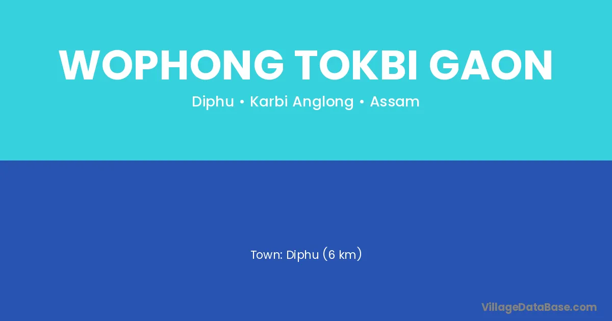 Diphu (6 km) is the nearest town to Wophong Tokbi Gaon village for major economic activities and is located approximately 6 km away.
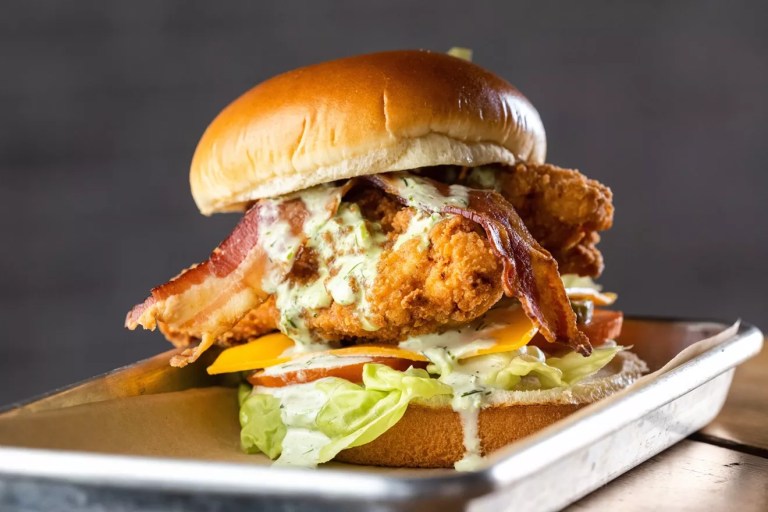 Hops and Hens is a casual and fun concept with lawn games such as Jenga, Connect Four and washers. Its menu of fried chicken sandwiches and tenders boasts a unique brine with hops and brewer spices and homemade sauces on chicken tenders and sandwiches. Their Texan fried chicken sandwich is topped with barbecue sauce, bacon, crispy onions. The Chicken Ranch has bacon, cheddar, lettuce, tomato, pickle and herb ranch. The TX Hot is tossed in their hot sauce, topped with kale slaw and H&H sauce and pickles. They offer a bevy of sauces; there’s an IPA honey mustard, herb Ranch, H&H Sauce and a red hot sauce, all house-made. Hen House Tots are a meal topped with a beer cheese sauce, bacon, green onions, red hot sauce and herb ranch.
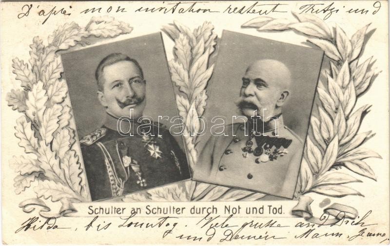1915 Schulter an Schulter durch Not und Tod / Wilhelm II, Franz Joseph I. WWI German and Austro-Hungarian K.u.K. military propaganda, Viribus Unitis (EK)
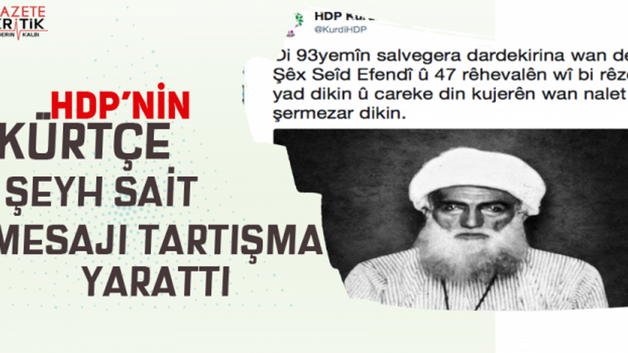 HDP, Türkiye Cumhuriyeti'ne karşı başkaldırdığı için idam edilen Şeyh Sait’i ölüm yıldönümünde Twitter hesabından Kürtçe bir mesajla andı. HDP Genel Merkezi’nin Twitter hesabından Türkçe mesaj yayınlanmaması ise dikkat çekti.
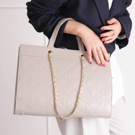 A4対応 チェーンショルダー キルティングトートバッグ
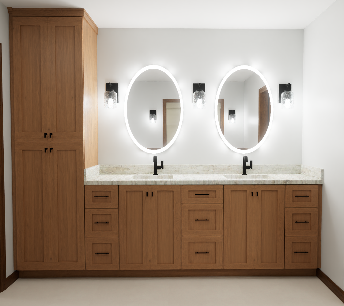 rustic modern boho bathroom beige tile floors with a photorealistic polished granite ivory cream base taupe and gray crystalline texture bold charcoal and black mineral deposits irregular brecciated pattern natural fractured stone movement high contrast luxury countertop slab
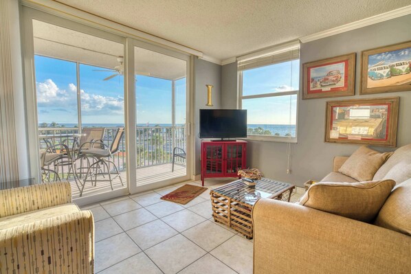 Inside, the unit is clean, comfortable, and well maintained. While not fully remodeled, the interior has a pleasant and welcoming feel designed for easy vacation living. The condo features a king bed, a fully equipped kitchen, fast Wi-Fi, and a TV with cable and streaming options. Fresh linens, bath towels, and beach towels are provided for your stay.

------------------------------

• **Exercise**
In the data above, find the line containing "1915 Schulter an" and the line containing "A4対応 チェーンショルダー キルティングトートバッグ". Repeat those two lines and everything between them exactly, minus the pictures.

• **Task result**
1915 Schulter an Schulter durch Not und Tod / Wilhelm II, Franz Joseph I. WWI German and Austro-Hungarian K.u.K. military propaganda, Viribus Unitis (EK)
 HDP, Türkiye Cumhuriyeti'ne karşı başkaldırdığı için idam edilen Şeyh Sait’i ölüm yıldönümünde Twitter hesabından Kürtçe bir mesajla andı. HDP Genel Merkezi’nin Twitter hesabından Türkçe mesaj yayınlanmaması ise dikkat çekti.
 A4対応 チェーンショルダー キルティングトートバッグ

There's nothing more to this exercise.